DESCRIPTION OF THE TASK =
Each entry below should be output exactly, apart from its images.
[RECORDS FOR THE EXERCISE — start]
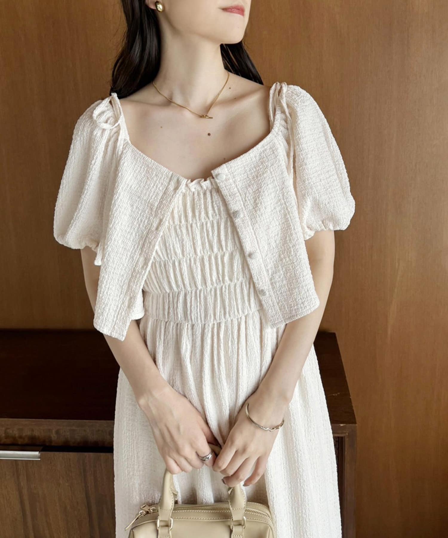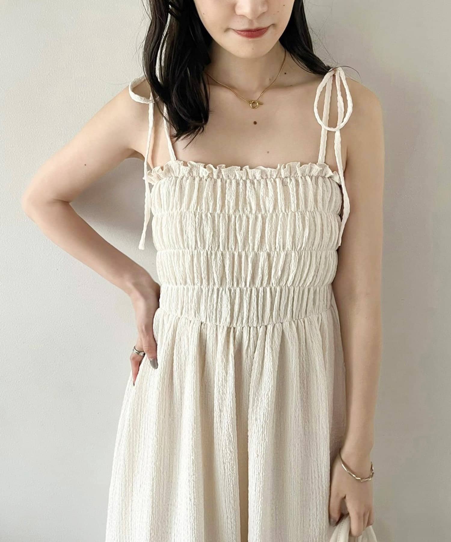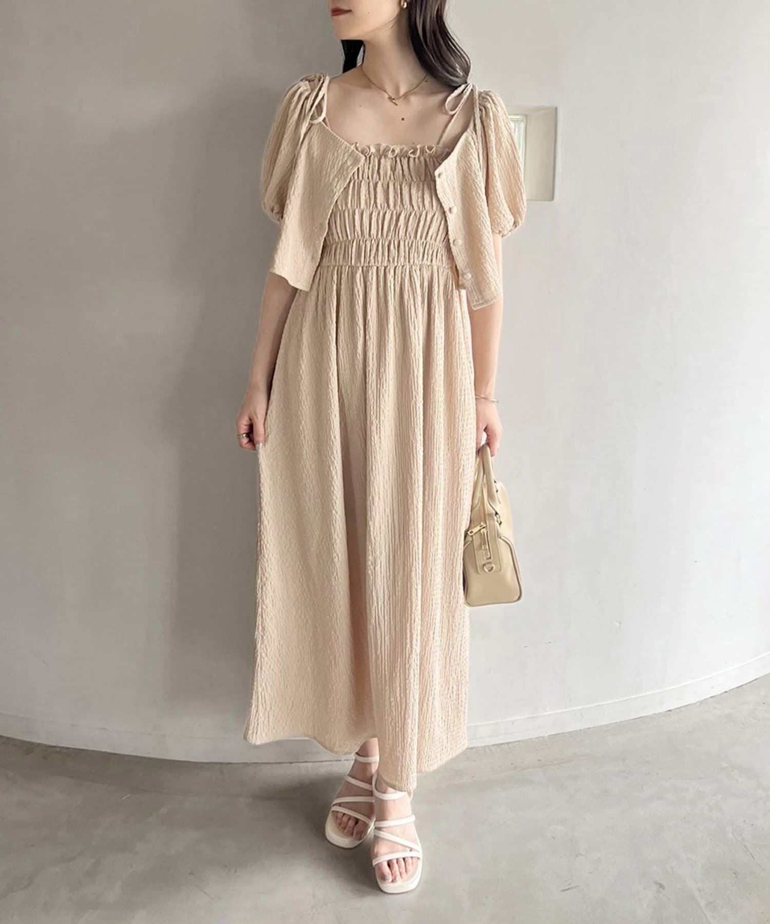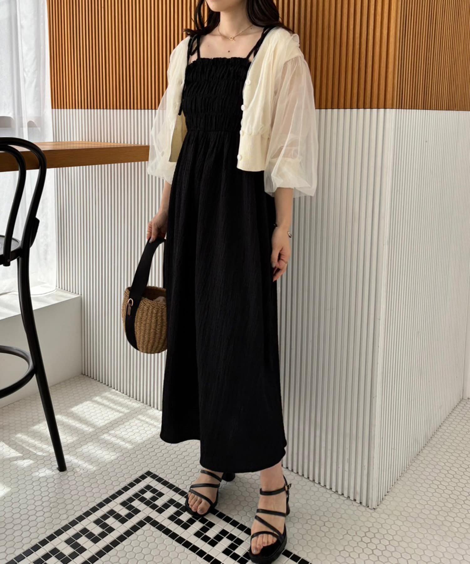 ワンピのみなら、シアートップと合わせた着こなしも◎
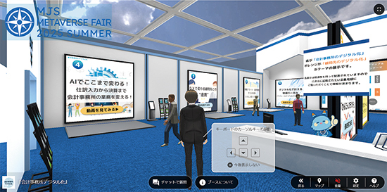 「MJS METAVERSE FAIR 2025 夏」と題して入場無料で開催し、財務・会計や給与、会計事務所デジタル化、人事労務などのテーマ別に10のブースを設けた。参加登録したユーザーは、ログインすると自身のアバターが出現し、実際の展示会場のように興味があるブースを回ることができる。ブース内には経営課題やソリューションごとに資料や動画の案内があり、クリックして閲覧する。24時間入場でき、ライブセミナーも毎日開催している。製品担当者がリアルタイムでチャット対応する「コミュニケーションアワー」もあり、対面開催のような双方向のコミュニケーションが可能だ。
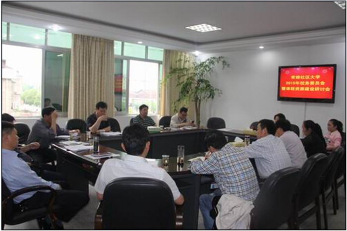 2015年5月15日下午,常德社区大学2015年校务委员会暨课程资源建设研讨会在常德电大办公楼三楼会议室举行。市教育局副局长、常德社区大学副校长李旺国,市电大校长、常德社区大学副校长朱立春以及其他校务委员出席了此次校务会。会议由市教育局副局长、常德社区大学副校长李旺国主持。
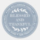 Happy Thanksgiving round return address sticker with your name and address in white stylish typography features the text BLESSED AND THANKFUL in handwritten typography with a stylish touch of rustic foliage on a dusty blue background. Also great for a business thank you to customers! Simply add your business name and address or website. Exclusively designed for you by Happy Dolphin Studio.
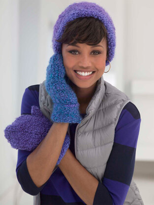 True Blue Hat and Mittens in Lion Brand Homespun Thick & Quick - L40056
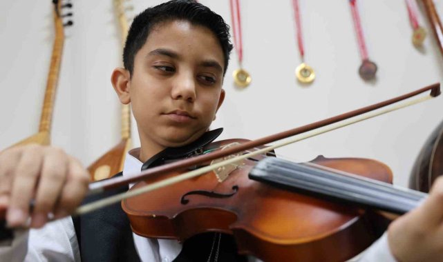 Deprem sonrası kemanla tanıştığını ifade eden Çınar Kaplan, "12 yaşındayım, altıncı sınıfa gidiyorum ve keman çalıyorum. Benim keman çalma serüvenim birkaç yıl önce depremle başladı. Elazığ depremi olduğunda bizim ev hasar aldı ve konteynere taşınmak zorunda kaldık. Bir süre sonra pandemi geldi, Covid-19 derken sokağa çıkma yasakları başladı ve sürekli evdeydik. Çok sıkılıyorduk. O dönemde Onur Şahin çocukları kötü alışkanlıklardan uzak tutmak için enstrüman dersleri veren kurs açtı. Bunu duyunca çok sevindik ve hemen başvuru yaptık. Sağ olsun kabul etti. Aslında annem beni bağlamaya yazdıracaktı ama ben keman istedim. Annem kemanın zor olduğunu söyledi ama ben denemek istedim. İki üç ay kursa gittim. Orada hocam bana öğretti. Üç aylık kurs bitince ve devam edecek imkanımız olmadığı için okullar da açılınca kursa gidemedim. Okuldan geldikten sonra evde internetten ve telefondan videolar izleyerek kendi kendime çalıştım ve kemanı devam ettirmeye çalıştım" şeklinde konuştu.
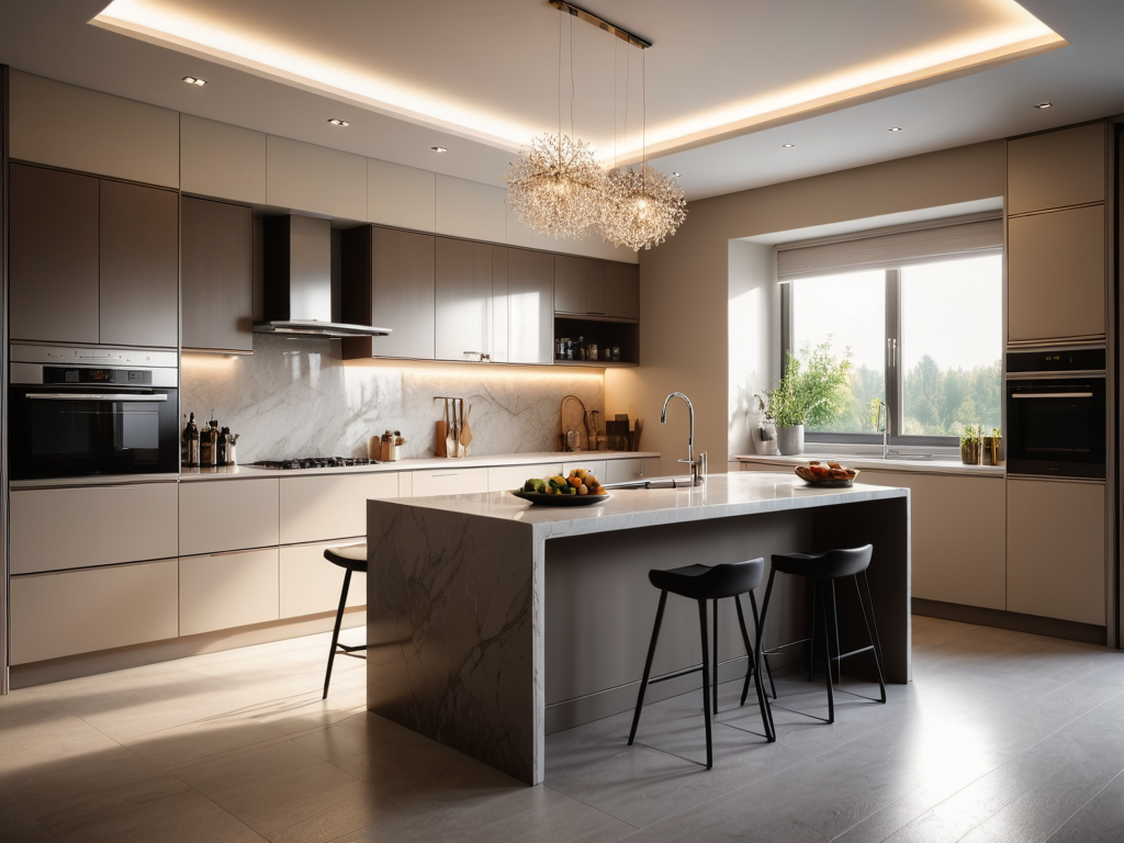 厨房的照明设计需兼顾功能与美观。一般来说,应该选择明亮的主灯作为基础照明,同时在操作台面上方安装聚光灯,确保足够的光线供切菜和烹饪使用。此外,利用灯带装饰橱柜底部也可以增加空间的层次感和温馨感。
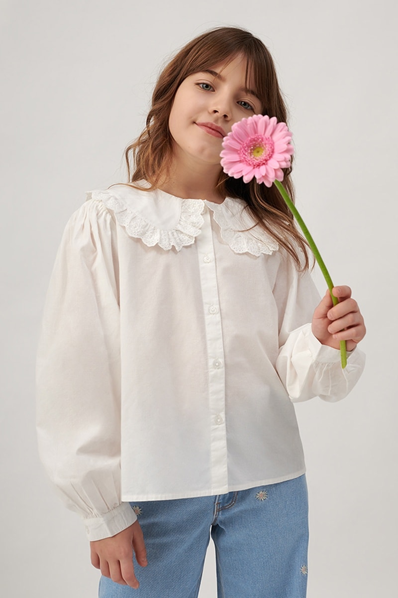 Col Claudine avec empiècement à motifs fantaisie brodés.
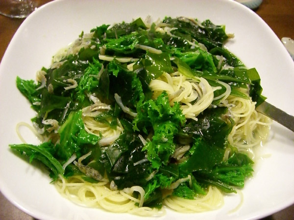 こちらは波乗りついでの海からの収穫の物ワカメパスタ。ワカメは今がシーズンなのですが、今年は水温が高かったせいか生育がいまいち。毎年楽しみにしているワカなのでちょっと残念。でも取り立てワカメは旨かったです。ちなみにチリメンジャコとわさび菜とワカメでペペロンチーノの味付けです。
[RECORDS FOR THE EXERCISE — finish]
TASK RESULT =
 ワンピのみなら、シアートップと合わせた着こなしも◎
 「MJS METAVERSE FAIR 2025 夏」と題して入場無料で開催し、財務・会計や給与、会計事務所デジタル化、人事労務などのテーマ別に10のブースを設けた。参加登録したユーザーは、ログインすると自身のアバターが出現し、実際の展示会場のように興味があるブースを回ることができる。ブース内には経営課題やソリューションごとに資料や動画の案内があり、クリックして閲覧する。24時間入場でき、ライブセミナーも毎日開催している。製品担当者がリアルタイムでチャット対応する「コミュニケーションアワー」もあり、対面開催のような双方向のコミュニケーションが可能だ。
 2015年5月15日下午,常德社区大学2015年校务委员会暨课程资源建设研讨会在常德电大办公楼三楼会议室举行。市教育局副局长、常德社区大学副校长李旺国,市电大校长、常德社区大学副校长朱立春以及其他校务委员出席了此次校务会。会议由市教育局副局长、常德社区大学副校长李旺国主持。
 Happy Thanksgiving round return address sticker with your name and address in white stylish typography features the text BLESSED AND THANKFUL in handwritten typography with a stylish touch of rustic foliage on a dusty blue background. Also great for a business thank you to customers! Simply add your business name and address or website. Exclusively designed for you by Happy Dolphin Studio.
 True Blue Hat and Mittens in Lion Brand Homespun Thick & Quick - L40056
 Deprem sonrası kemanla tanıştığını ifade eden Çınar Kaplan, "12 yaşındayım, altıncı sınıfa gidiyorum ve keman çalıyorum. Benim keman çalma serüvenim birkaç yıl önce depremle başladı. Elazığ depremi olduğunda bizim ev hasar aldı ve konteynere taşınmak zorunda kaldık. Bir süre sonra pandemi geldi, Covid-19 derken sokağa çıkma yasakları başladı ve sürekli evdeydik. Çok sıkılıyorduk. O dönemde Onur Şahin çocukları kötü alışkanlıklardan uzak tutmak için enstrüman dersleri veren kurs açtı. Bunu duyunca çok sevindik ve hemen başvuru yaptık. Sağ olsun kabul etti. Aslında annem beni bağlamaya yazdıracaktı ama ben keman istedim. Annem kemanın zor olduğunu söyledi ama ben denemek istedim. İki üç ay kursa gittim. Orada hocam bana öğretti. Üç aylık kurs bitince ve devam edecek imkanımız olmadığı için okullar da açılınca kursa gidemedim. Okuldan geldikten sonra evde internetten ve telefondan videolar izleyerek kendi kendime çalıştım ve kemanı devam ettirmeye çalıştım" şeklinde konuştu.
 厨房的照明设计需兼顾功能与美观。一般来说,应该选择明亮的主灯作为基础照明,同时在操作台面上方安装聚光灯,确保足够的光线供切菜和烹饪使用。此外,利用灯带装饰橱柜底部也可以增加空间的层次感和温馨感。
 Col Claudine avec empiècement à motifs fantaisie brodés.
 こちらは波乗りついでの海からの収穫の物ワカメパスタ。ワカメは今がシーズンなのですが、今年は水温が高かったせいか生育がいまいち。毎年楽しみにしているワカなのでちょっと残念。でも取り立てワカメは旨かったです。ちなみにチリメンジャコとわさび菜とワカメでペペロンチーノの味付けです。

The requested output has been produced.